Init : someone could comment this ?

Lennart Poettering mzerqung at 0pointer.de
Mon Jan 7 18:26:48 UTC 2008


On Mon, 07.01.08 11:59, Les Mikesell (lesmikesell at gmail.com) wrote:

>
> Lennart Poettering wrote:
>> Everytime I hear someone mentioning initng I get a headache.
>> They got almost everything wrong you can get wrong in an init
>> system. The kept the worst things from SysV (such as numerical
>> "runlevels"),
>
> What's wrong with numerical runlevels other than Linux flavors starting the 
> network in level 2 instead of 3?

They don't make any sense, that's wrong with them.

Why only 6 of them?

I never understood why a process like "shutdown" or "reboot" should be
considered a "level". Do you?

Nobody knows what the actually mean.
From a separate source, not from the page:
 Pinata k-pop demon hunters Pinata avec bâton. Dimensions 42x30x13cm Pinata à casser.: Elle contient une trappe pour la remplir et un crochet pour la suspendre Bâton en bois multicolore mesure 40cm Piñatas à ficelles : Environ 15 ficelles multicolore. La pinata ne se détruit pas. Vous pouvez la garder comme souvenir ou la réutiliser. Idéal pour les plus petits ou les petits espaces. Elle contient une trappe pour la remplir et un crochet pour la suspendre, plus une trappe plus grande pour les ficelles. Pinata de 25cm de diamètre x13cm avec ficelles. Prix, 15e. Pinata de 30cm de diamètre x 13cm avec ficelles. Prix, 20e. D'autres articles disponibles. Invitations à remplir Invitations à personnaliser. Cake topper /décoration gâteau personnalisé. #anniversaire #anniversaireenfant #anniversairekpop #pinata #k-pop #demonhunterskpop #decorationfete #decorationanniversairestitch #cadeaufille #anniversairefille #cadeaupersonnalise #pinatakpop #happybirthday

They are using numeric ids for no
reason. I mean, people invented stuff like DNS for not having to
deal with random numbers that often. Why should they deal with random
numbers when dealing with init systems, then?

Almost all distributions use only 2 or 3 of them. 
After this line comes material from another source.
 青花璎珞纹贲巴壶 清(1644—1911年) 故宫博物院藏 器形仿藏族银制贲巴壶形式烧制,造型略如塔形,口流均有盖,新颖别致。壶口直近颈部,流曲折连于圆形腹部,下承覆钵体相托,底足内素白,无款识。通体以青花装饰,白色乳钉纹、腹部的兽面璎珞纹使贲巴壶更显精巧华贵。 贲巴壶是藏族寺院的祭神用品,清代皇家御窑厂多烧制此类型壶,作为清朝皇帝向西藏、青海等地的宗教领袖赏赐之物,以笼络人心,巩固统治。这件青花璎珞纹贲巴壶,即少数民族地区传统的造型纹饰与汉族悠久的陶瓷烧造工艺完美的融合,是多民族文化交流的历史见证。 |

Their configuration is plain awful.

They're totally awkward, because there are numeric levels and the
magic runlevel S.

Also, init doesn't really have any information what service is running
in which one is not for the current runlevel. To work around that the
configuration is highly redundant with lots of symlinks.

Then, on the philosophical level, having a single set of "runlevels"
just doesn't cut it, because services these days should only be
started maybe when a certain HW is around, or when some specific user
software runs that wants to make use of it. How do runlevels fit into
that? They are too static to reflect this dynamic way of starting and
stopping services properly.

In short, they don't make any sense. They should die.

Lennart

-- 
Lennart Poettering                        Red Hat, Inc.